それもそのはず。九州地方北部の中心にあるため、なんと福岡市や大分市、熊本市までバスで約1時間でアクセスができるのです。
日田のローカルに触れる“人”の旅へ
そのような一面を持つ日田市だからこそ、地元の人々は、旅行者に対して寛容でフレンドリー。
地元愛や地元民同士のつながりも深い風土で、土地と人、人と人とのつながりを感じるなら、これ以上ない土地だと言えるでしょう。

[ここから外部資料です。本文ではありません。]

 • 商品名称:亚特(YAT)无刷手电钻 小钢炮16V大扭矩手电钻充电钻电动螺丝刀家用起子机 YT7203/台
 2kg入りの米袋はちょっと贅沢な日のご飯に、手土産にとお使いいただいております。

本記事では、個性的なオーナーが運営する、日田市の飲食店や宿泊施設、社交スポットなどを紹介します。
まず日田市の人と情報が集まる映画館「リベルテ」へ
原茂樹(はら しげき)さんが運営するシネマテーク・リベルテは、「映画館」の枠を超えた、日田市の人々が集まるカルチャースポットです。
映画館のロビーはショップとカフェを兼ねたスペース。
ここでまず、焙煎世界チャンピオン(豆香洞コーヒー)と作った映画館ブレンドを味わい、ショップの展示をチェックしてみてください。
日田市の工芸品から、オリジナルデザインのTシャツやグッズ、手作り文房具、CD、絵、映画や音楽に関する冊子など、取り扱っている品物はさまざま。

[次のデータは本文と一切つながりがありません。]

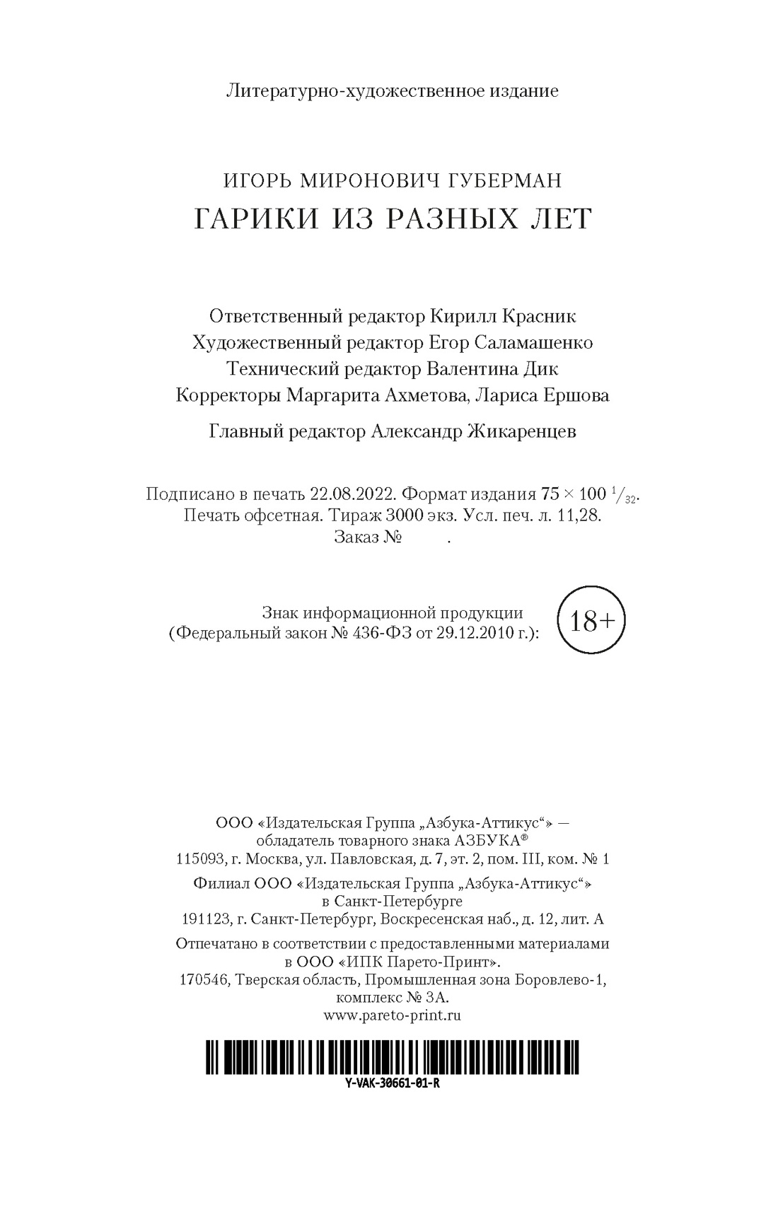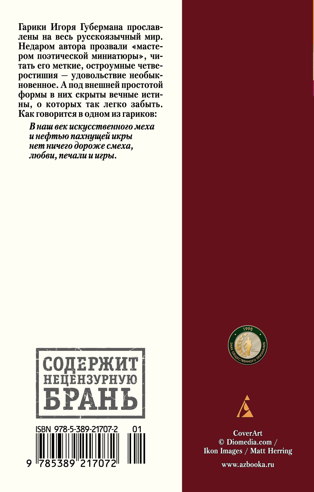 Гарики Игоря Губермана прославлены на весь русскоязычный мир. Недаром автора прозвали «мастером поэтической миниатюры», читать его меткие, остроумные четверостишия - удовольствие необыкновенное. А под внешней простотой формы в них скрыты вечные истины, о которых так легко забыть. Как говорится в одном из гариков: В наш век искусственного меха и нефтью пахнущей икры нет ничего дороже смеха, любви, печали и игры.| Издательство | Азбука |

その多くは原さんが実際に出会ったアーティストや職人さんの作品です。彼ら自身、リベルテを訪れるファンでもあるのだとか。
原さんが作り手の“人となり”を知っているからこそ、自信を持って旅行者にもオススメができるのです。
訪問客が店内の作品に興味を示しているのを見たら、原さんはきっと話しかけてくれるでしょう。
作品の背景や作家、日田市の文化とのつながりについて熱く語ってくれます。
なお、日田市での旅程に悩んでいるなら、ぜひ原さんに相談してみてください。きっと素敵な旅を提案してくれることでしょう。
地元民の交差点、街角のコーヒー店「Hazebo coffee」
東京で数年デザイナーとしての活動を経て、2017年に日田市で「Hazebo coffee」を開いた永田健(ながた けん)さん。
コーヒー店を運営するのが25年来の夢で、生まれ育った東京を後にして、水のきれいな日田市で現在のお店を開業しました。
お店があるのは、日田市の中心部に位置する市役所前の交差点。誰もが立ち寄りやすい場所です。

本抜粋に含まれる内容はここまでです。